[Stored entries]
-- Opening Marker --

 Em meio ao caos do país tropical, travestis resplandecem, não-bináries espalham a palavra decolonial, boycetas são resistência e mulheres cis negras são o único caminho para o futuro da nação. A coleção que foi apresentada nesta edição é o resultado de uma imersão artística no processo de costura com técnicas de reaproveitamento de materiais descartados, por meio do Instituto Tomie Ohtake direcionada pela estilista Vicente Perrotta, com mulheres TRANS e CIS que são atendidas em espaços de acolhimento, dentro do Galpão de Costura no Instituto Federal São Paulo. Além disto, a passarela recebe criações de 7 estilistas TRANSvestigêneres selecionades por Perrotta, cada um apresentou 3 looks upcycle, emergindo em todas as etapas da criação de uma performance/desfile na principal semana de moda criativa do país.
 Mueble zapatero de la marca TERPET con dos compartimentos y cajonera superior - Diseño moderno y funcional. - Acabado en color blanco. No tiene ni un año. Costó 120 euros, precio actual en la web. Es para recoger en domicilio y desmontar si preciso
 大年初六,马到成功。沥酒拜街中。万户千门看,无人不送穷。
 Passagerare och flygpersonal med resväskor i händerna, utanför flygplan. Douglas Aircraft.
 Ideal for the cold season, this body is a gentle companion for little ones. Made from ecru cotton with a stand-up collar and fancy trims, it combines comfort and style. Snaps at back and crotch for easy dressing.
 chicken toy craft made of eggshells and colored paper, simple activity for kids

-- Closing Marker --
-- Opening Marker --

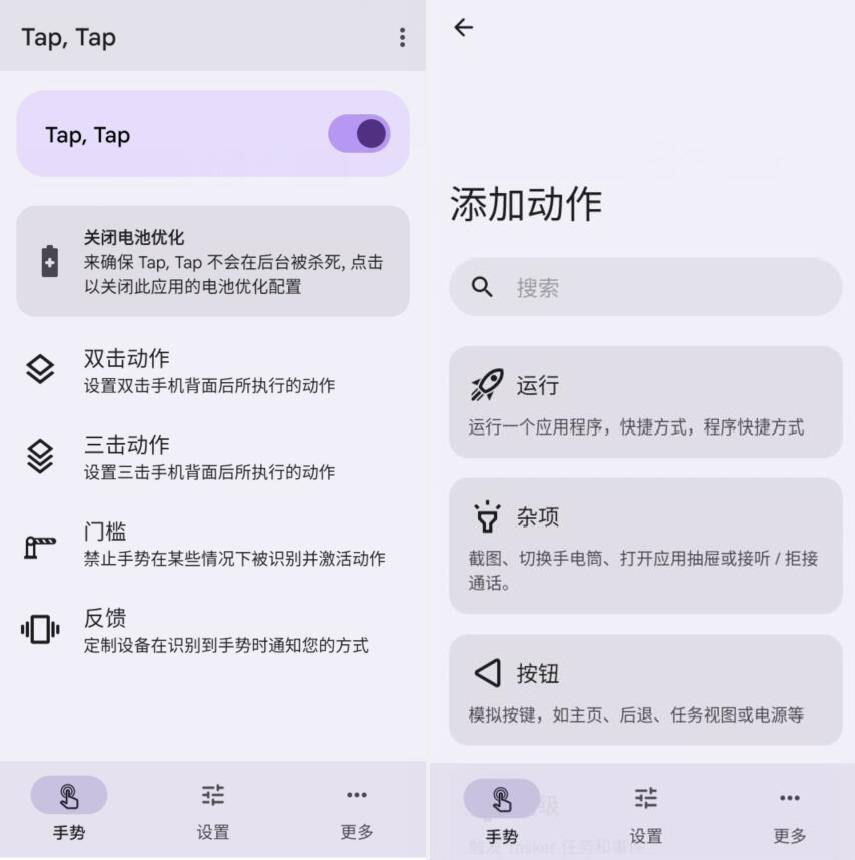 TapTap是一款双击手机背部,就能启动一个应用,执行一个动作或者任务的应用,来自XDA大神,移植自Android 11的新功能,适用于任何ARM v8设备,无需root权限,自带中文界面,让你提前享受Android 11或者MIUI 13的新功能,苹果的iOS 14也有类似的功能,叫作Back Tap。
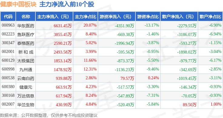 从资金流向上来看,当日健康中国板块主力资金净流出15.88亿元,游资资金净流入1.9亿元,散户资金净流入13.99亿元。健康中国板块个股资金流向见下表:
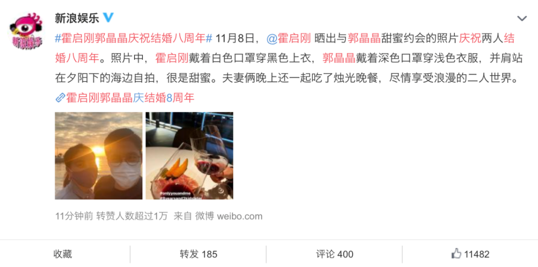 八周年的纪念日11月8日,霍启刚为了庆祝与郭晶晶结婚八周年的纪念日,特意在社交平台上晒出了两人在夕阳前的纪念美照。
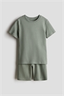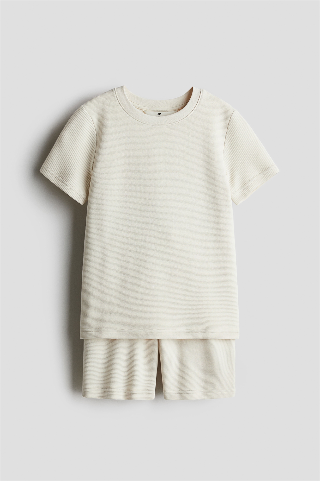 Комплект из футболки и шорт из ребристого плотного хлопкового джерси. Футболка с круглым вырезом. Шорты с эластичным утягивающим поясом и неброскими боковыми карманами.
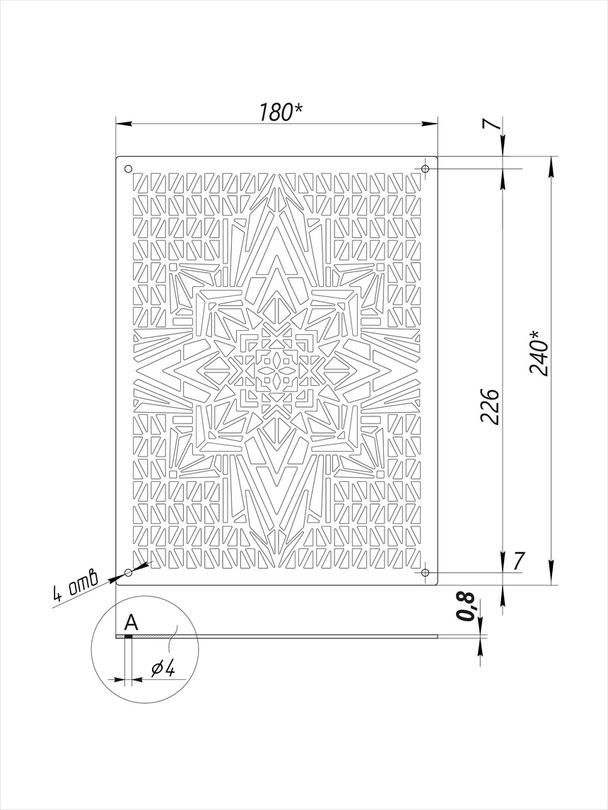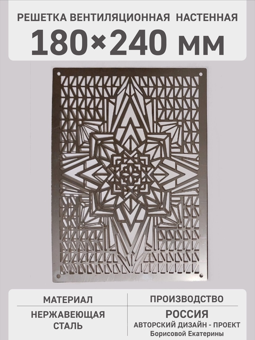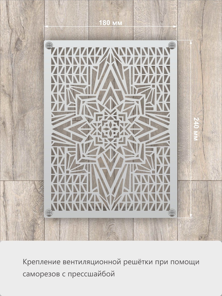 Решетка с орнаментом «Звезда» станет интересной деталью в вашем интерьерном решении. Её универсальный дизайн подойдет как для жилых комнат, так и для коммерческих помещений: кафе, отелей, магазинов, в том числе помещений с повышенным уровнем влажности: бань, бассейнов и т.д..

-- Closing Marker --

Of the entries listed above, reproduce only the lines starting at the line containing "Mueble zapatero de" and ending at the line containing "chicken toy craft". Include both, exactly as they stand.

 Mueble zapatero de la marca TERPET con dos compartimentos y cajonera superior - Diseño moderno y funcional. - Acabado en color blanco. No tiene ni un año. Costó 120 euros, precio actual en la web. Es para recoger en domicilio y desmontar si preciso
 大年初六,马到成功。沥酒拜街中。万户千门看,无人不送穷。
 Passagerare och flygpersonal med resväskor i händerna, utanför flygplan. Douglas Aircraft.
 Ideal for the cold season, this body is a gentle companion for little ones. Made from ecru cotton with a stand-up collar and fancy trims, it combines comfort and style. Snaps at back and crotch for easy dressing.
 chicken toy craft made of eggshells and colored paper, simple activity for kids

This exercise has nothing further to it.